I assume that Wikimedia works on a rather tight budget. Choosing (and unifying on) tech stacks with a larger supply in devs seems to be an economically reasonable choice.

4 comments

It's more complicated than that. MediaWiki is PHP based because back when it was developed PHP was everywhere. Since then the world has moved on, but PHP still powers a huge percentage of the web via things like WordPress.

The other side to using PHP was having support in other host providers. Wikipedia is not the only installation of MediaWiki and there has been consideration in the past for those installing MediaWiki on shared hosts where you don't necessarily have root access to install things like node. Moving forward that's less of a concern because you can containerise MediaWiki (and the other services), but not even Wikimedia run that in production yet AFAIK.

However, even if they weren't budget constrained (which they aren't) unifying on a single language used by the majority of their devs isn't a bad idea, especially when the effort to port the entire stack to a new language would be unjustifiable.
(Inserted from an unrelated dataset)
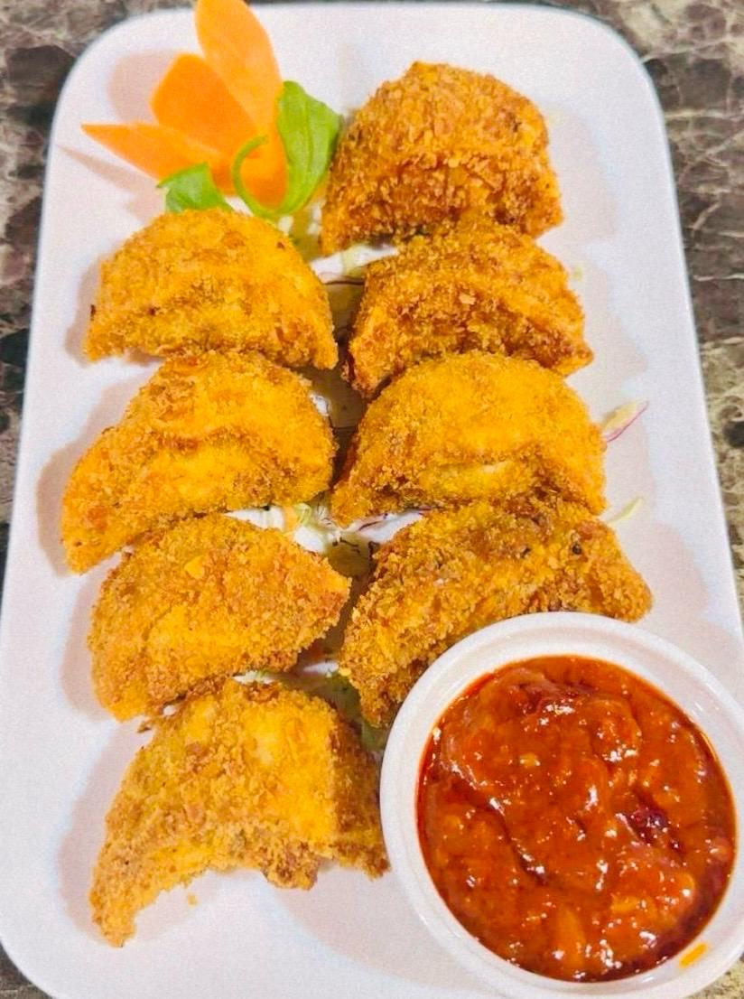 Juicy spiced minced chicken seasoned with onion, garlic, ginger, coriander, and a blend of secret spices, wrapped in a delicate dumpling sheet, coated with crispy crumbs, and deep-fried to perfection. A crunchy twist on your favorite momo

and... migrating an entire codebase to something new because there's a subset of devs that jump between tech stacks and want 'newer' stuff isn't an economically reasonable choice.

server-side JS was a thing 10 years ago, but it didn't offer enough benefits to switch. same with python, java, ruby - all existed, but didn't offer enough benefits to switch then, and probably still don't now.

also, what would be a "larger supply"? C? Java? C#? JS? PHP has a huge supply of developers at all skill levels, which may make it just as easy (or easier) in finding the talent they need. And... hey - they wrote that initial parsoid in JS and... they've doubled the speed by converging on PHP.

Huh. What ED of Wikimedia Foundation even does?
Wikimedia is swimming in donations. More than $100,000,000 yearly since 2017/2018.